Until the final explanation, everything that happens, has the purpose to be misleading: the alleged nature of DeWitt, the murder committed in his detriment by his wife (we are in another case in which arsenic is used as the murder weapon without being, impetuously crime mean: in fact arsenic kills at a distance of at least three days, and not immediately), the first murder and the disappearance of De Witt, the second crime, the noise Linda hears, the painting that is almost the representation of crime that is claimed to be just occurred (the killing of Phyllis by DeWitt), the dislocation of DeWitt, the killing of the model. His same motive is offered to the reader, before you understand that he was the murderer.
It’s clear that this story is not a real whodunnit but a real howdunnit: in fact approaches more properly to the mystery of the French type, at which as is not important identifying the murderer as is important explain how the murder was committed, because it will the explanation to nail him. It’s also clear in order that this happens it is necessary there aren’t many suspected but extremely few, as in this case.
Two other things seem interesting in this tale: how the killers are introduced (the alleged and actual), and Senator Banner.
The alleged murderer, DeWitt Carewe, we mentioned how he is introduced in order that you rightly think that he is an human being by demonic nature. That makes use of his limbs to perpetrate an impossible crime: perhaps that the devil can not disappear from one place and appear elsewhere? The rest is to be of supernatural (divine or demonic) beings have the gift of omnipresence. However, even the true murderer is introduced in a certain way: he has a bald head, a round big face, a prayer robe, glasses tied with a black lace. A description that is very close to that of Dr. Fell. Possible that the murderer is likened to Fell? It can be if you see him, not so much the ruthless murderer, when the human being who achieves an almost perfect crime, that sublimes the very concept of Locked Room, to do one that calls the murder the most extraordinary explained by the same Fell in The Hollow Man.

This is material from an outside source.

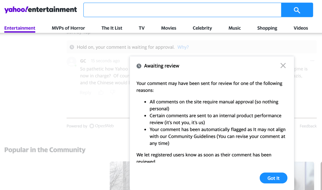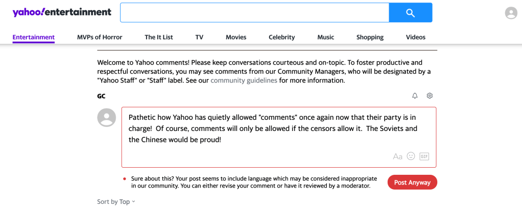 Yahoo, which got rid of the “Comments” sections in their stories over a year ago for fear that their readers could potentially learn some truth from other commenters, recently reintroduced the “Comments” section. Except that only comments that are approved by Yahoo censors will be allowed. For example:

Also Senator Banner, too, is described in a characteristic way: the paunch, the shirt green striped mint and white color, the figure of King Kong, red suspenders, his greasy tie as if it had been soaked in the soup ( and it had happened just that !!!). Which does he resemble to? I think to Merrivale, the Grand Old Man, who very often is ridiculed in his appearance before as usual he solves the most mind-blowing puzzle: in order to the paradox succeeds and it’s enjoyable, it is necessary that the crime is solved not so much by a Philo Vance who in the long time is unpleasant but from which would seem to be the only person not able to solve it: Senator Banner in this case.